[Collection entries]
((

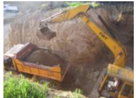
... but the hole is already dug, so there's no going back...
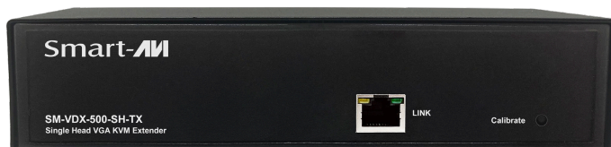
SM-VDX-500-SH-TX Front panel
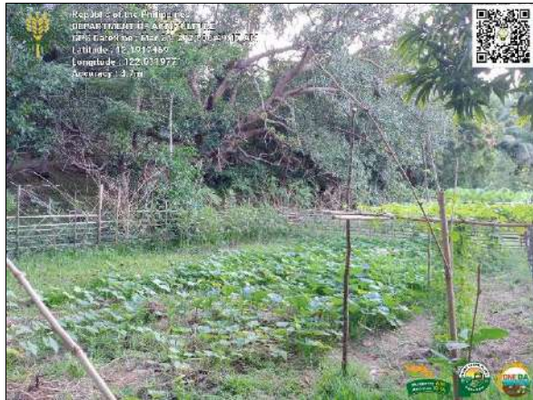
Barangay Danao Sur
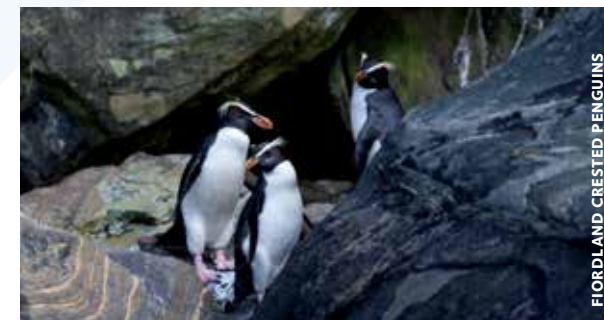
FIORDLAND CRESTED PENGUINS

* The MV Sinbad will operate at 11am & 4.15pm. Complimentary pick-ups from most accommodation.
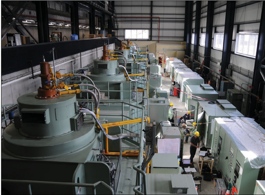
Vertical Synchronous Generators with TEWAC Enclosures

Custom built for various turbine applications, durable WEG Electric Machinery, WEM, generators can be designed to meet individual arrangement requirements.
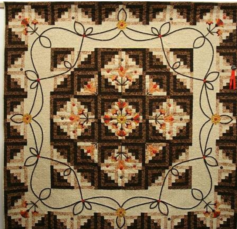
Milena Kankrlíková Window to an Autumn Garden
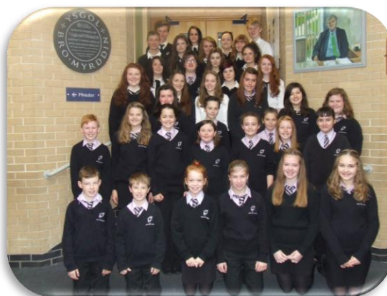
The school's Eco Committee
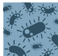
INFECTIOUS DISEASE SERIES

About 1.2 billion people worldwide are estimated to suffer from a fungal disease (1, 2). Most are infections of the skin or mucosa, which respond readily to therapy, but a substantial minority is invasive or chronic and difficult to diagnose and treat. An estimated 1.5 to 2 million people die of a fungal infection each year, surpassing those killed by either malaria or tuberculosis (3). Most of this mortality is caused by species belonging to four genera of fungi: Aspergillus , Candida , Cryptococcus , and Pneumocystis . Although great strides were made in the 1990s, drug development has largely stalled since then. Opportunities exist for accelerating development, particularly in fungal asthma, and to treat chronic and invasive aspergillosis.
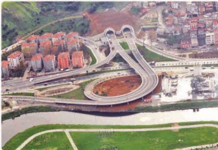
Piyalepasa Tunnel, Istanbul / Turkey
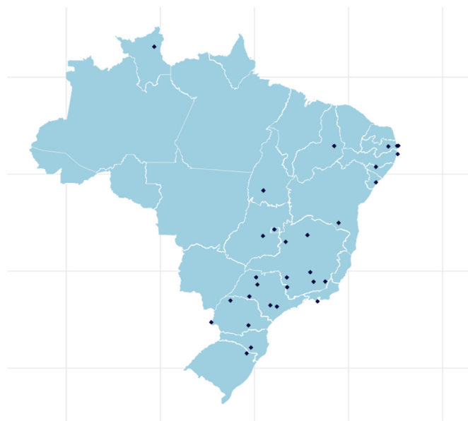
Figure 1 Geographical distribution of the 30 intensive care units in Brazil participating in the TELE-critical Care verSus usual Care On ICU Performance trial.
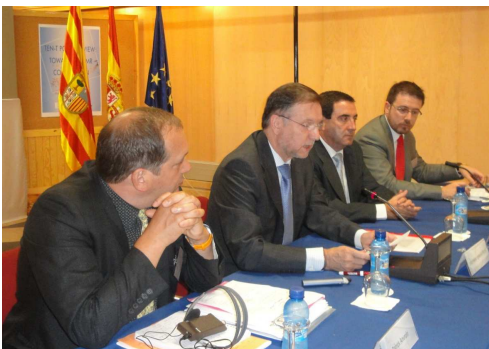
At the invitation of Luisa Fernanda Rudi, President of the Region of Aragon, the CPMR Inter-Commission TEN-T working group met in Zaragoza to study the proposals published on 19 October 2011 by the EC on the review of the Trans-European Transport Network and the Connecting Europe Facility (CEF) 9 November 2011, Zaragoza, Aragon (ES)

The improvement of the accessibility of peripheral maritime regions is among the medium-term strategic priorities of the CPMR. With this in mind, a decision was made to concentrate organisational efforts on two priority issues: revision of the Trans-European Transport Network (TEN-T) as a Community instrument channelling European financing earmarked for infrastructure, and the promotion of sustainable maritime transport.
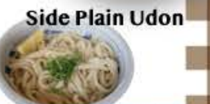
Side Plain Udon
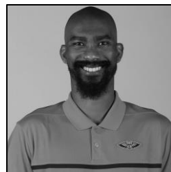
Corey Brewer Assistant/Player Development Coach
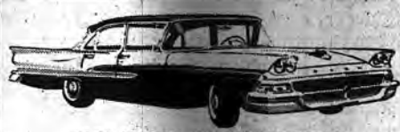
FORD CUSTOM 300 FORDOR SEDAN
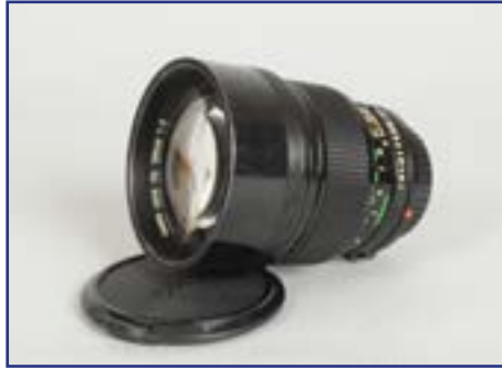
19. A Canon FDn 135mm f/2 Lens , serial no. 21258, body F, owner's label with a ref. no., elements VG, with front and rear caps £80-120
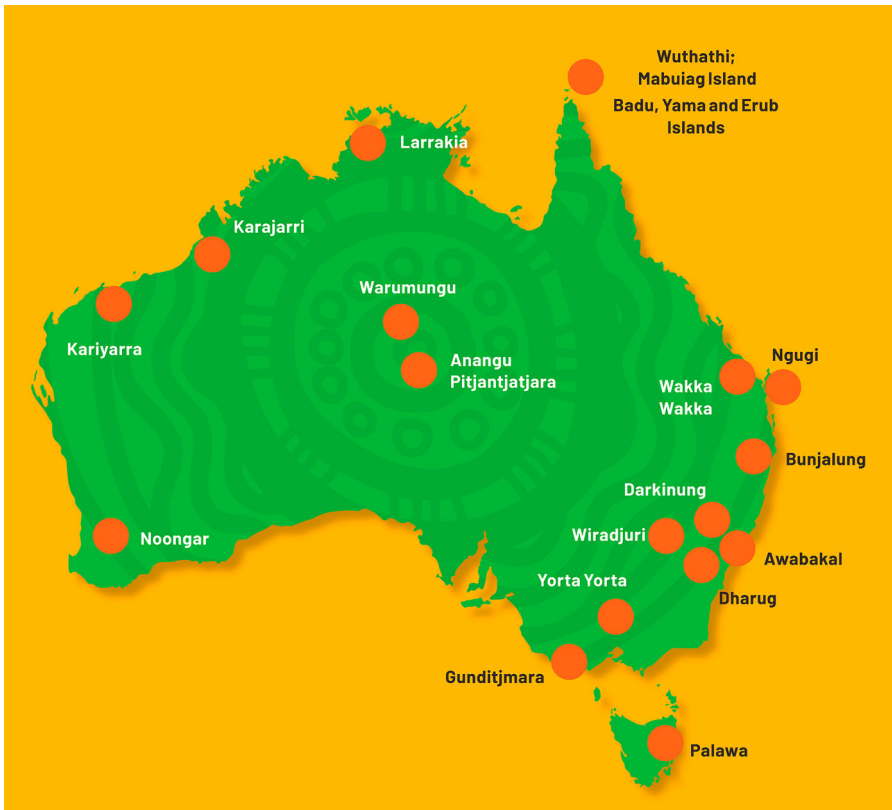
Figure 1. Map of community participant location and demographics.

Note: Refer to Continuous Improvement Cultural Responsiveness Tools for original image.

))

Could you transcribe exactly the lines from the start of the records through the line containing "Vertical Synchronous Generators", both ends included, leaving the pictures out?

... but the hole is already dug, so there's no going back...
SM-VDX-500-SH-TX Front panel
Barangay Danao Sur
FIORDLAND CRESTED PENGUINS

* The MV Sinbad will operate at 11am & 4.15pm. Complimentary pick-ups from most accommodation.
Vertical Synchronous Generators with TEWAC Enclosures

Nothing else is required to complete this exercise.